Sometime around 57 BC, Caelius and Clodia are believed to have had an affair which ended acrimoniously. In 56 BC, Caelius was prosecuted for vis (violence), specifically for murdering an ambassador. He was successfully defended by Crassus and, more famously, Cicero, whose speech Pro Caelio argued that the prosecutor, Atratinus, was being manipulated by Clodia to get revenge on Caelius for an affair gone wrong.

Caelius was tribune of the plebs in 52 BC and curule aedile in 50 BC. During this period, he wrote a series of witty and informative letters to Cicero, who was serving as proconsul of Cilicia at the time. After much hesitation, Caelius sided with Julius Caesar against Pompey in the civil war, warning Cicero accordingly not to align his fortunes with Pompey: in 48 BC, he was rewarded with the office of praetor peregrinus (“judge of suits involving foreigners”). However, when his proposed program of debt relief was opposed by the Senate and he was suspended from office, he joined in a rebellion against Caesar which was quickly crushed. It was during this rebellion that Caelius was killed.

==In Catullus==
Caelius may appear in the poetry of Catullus under his cognomen Rufus as well as his nomen Caelius. Rufus in Carmen 69 and 77 is suggested by Riese to be Caelius, but this is rejected by Robinson Ellis.
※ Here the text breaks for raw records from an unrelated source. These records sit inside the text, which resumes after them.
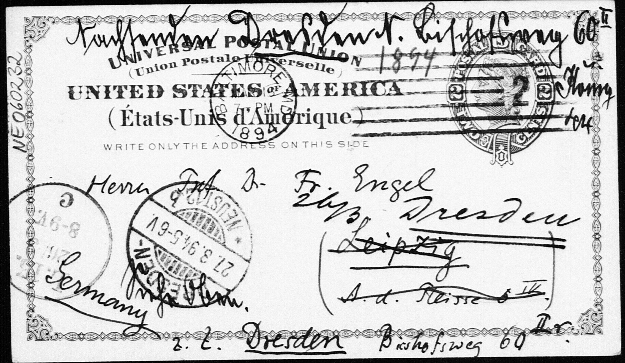 Postkarte von Eduard Study an Friedrich Engel vom 13.3.1894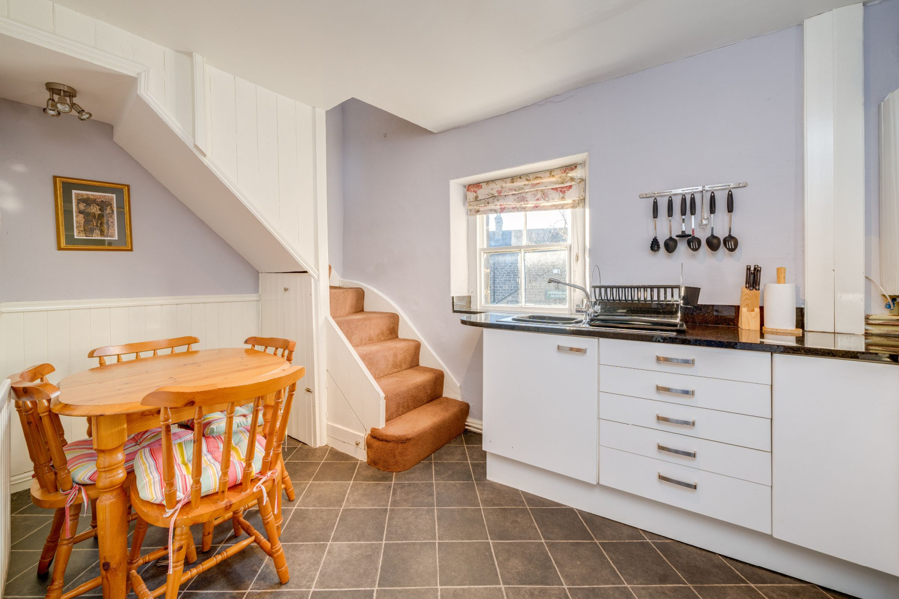The adjoining dining kitchen is thoughtfully arranged with a range of matching base units, granite work surfaces and splashbacks, along with an integrated fridge, plumbed in washing machine and space for an oven-ideal for straightforward day-to-day living.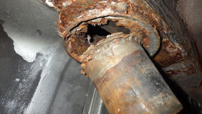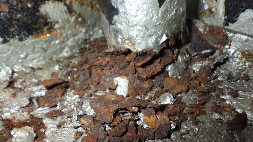 お約束のスプリング受け皿付近が腐食すると炭化物となったサビクズのカタマリは前方へ転がり水抜き穴を塞いでしまうのです。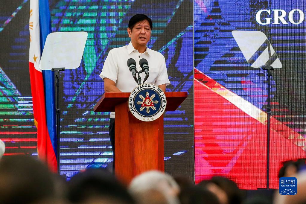 10月27日,在菲律宾达沃,菲律宾总统马科斯在达沃-萨马尔岛大桥的开工仪式上发表讲话。

Catullus writes about a former friend named Rufus who betrayed him in an unspecified way, perhaps referring to the affair with Clodia (usually identified with the loved then reviled "Lesbia" of Catullus's poetry), the alleged attempt of Caelius to poison her, or subsequent attacks on her through Cicero (see pro Caelio). Catullus lambasts this Rufus in an epigram that ends:

You ripped it away, alas, alas cruel poison of our life
alas, alas destroyer of our friendship.

In Carmen 58, Catullus seems to expect a sympathetic ear from Caelius as he bewails Lesbia's sexual profligacy. In Carmen 69, Catullus mocks a certain Rufus for his body odour. None of these identifications are conclusive, although the identification in Carmen 58 is more likely than the others.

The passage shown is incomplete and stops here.